History
- Name: Atlas (1898–1941); Las Choapas (1941–1942);
- Owner: Standard Oil of New Jersey (1898-1925); Ditta G.M. Barbagelata, Genoa (1925–1941); Petróleos Mexicanos (Pemex), Tampico (1941–1942);
- Port of registry: Tampico (1941–1942)
- Builder: Delaware River Iron Shipbuilding & Engine Works, Chester, Pennsylvania
- Launched: 17 November 1898
- Completed: December 1898
- Fate: Torpedoed and sunk on 27 June 1942

General characteristics
- Type: Steam tanker
- Tonnage: 2,005 GRT

= SS Las Choapas =

SS Las Choapas was an oil tanker built in 1898. It was originally commissioned by Standard Oil of New Jersey and built by the Delaware River Iron Ship Building and Engine Works of Chester, Pennsylvania as the SS Atlas.
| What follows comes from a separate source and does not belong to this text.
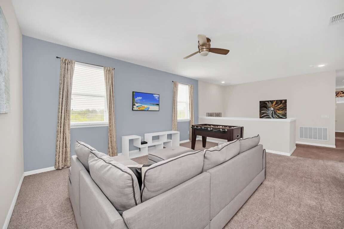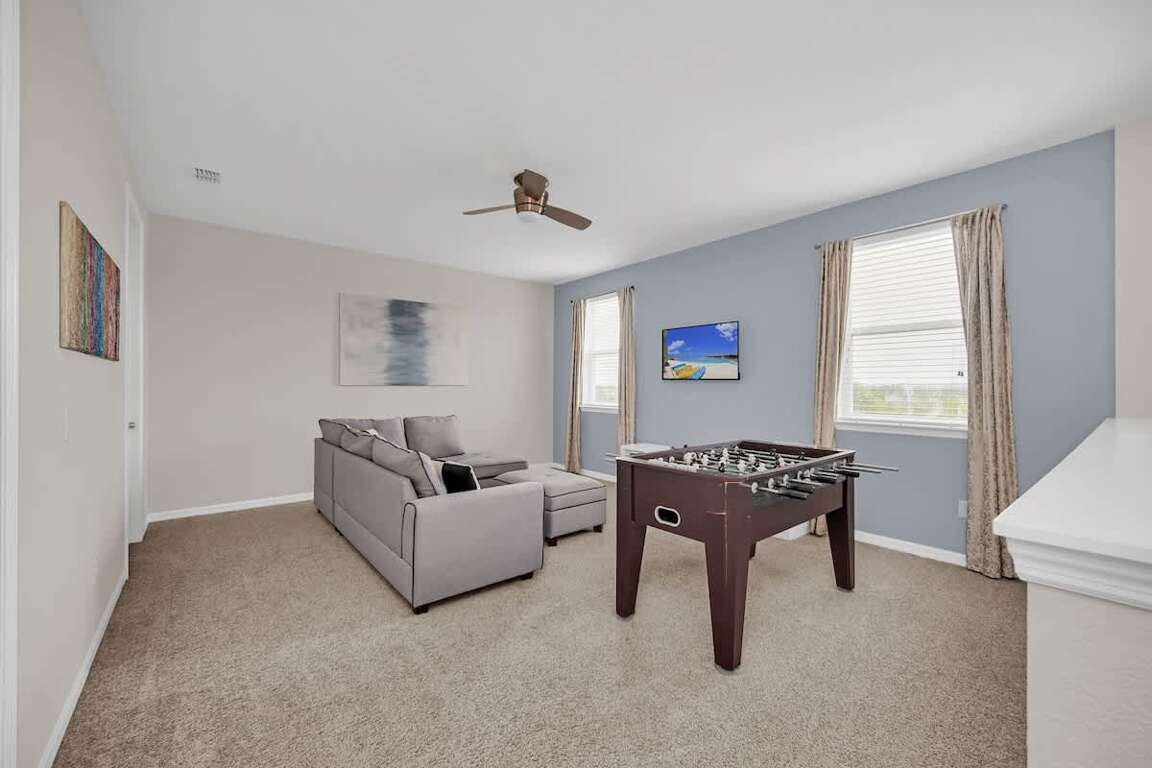 The spacious family gathering area and upstairs game room provide ample space for everyone to come together. Whether you’re engaging in friendly competition or sharing stories from the day, these areas are designed to foster connection and joy. The open floor plan ensures a seamless flow, enhancing the home’s welcoming atmosphere.

It was the first oil tanker to carry crude oil from Sabine Pass, originating from the Spindletop oil well in Texas on 11 March 1901, bound for the Standard oil refinery in Philadelphia to be tested as a light illuminating purpose. Sold in the 1920s to the Italian company Ditta G.M. Barbagelata, of Genoa. It was seized while docked at Tampico, in Mexico on 8 December 1941 by the Mexican government and renamed, to be operated by Petróleos Mexicanos (Pemex), and homeported in Tampico.

On the afternoon of 27 June 1942, Las Choapas was hit by a single torpedo from the , commanded by Hans Ludwig-Witt, and sank in flames east of Tecolutla, Veracruz. Another Mexican tanker, the Tuxpam, was sank the same day, also by U-129'.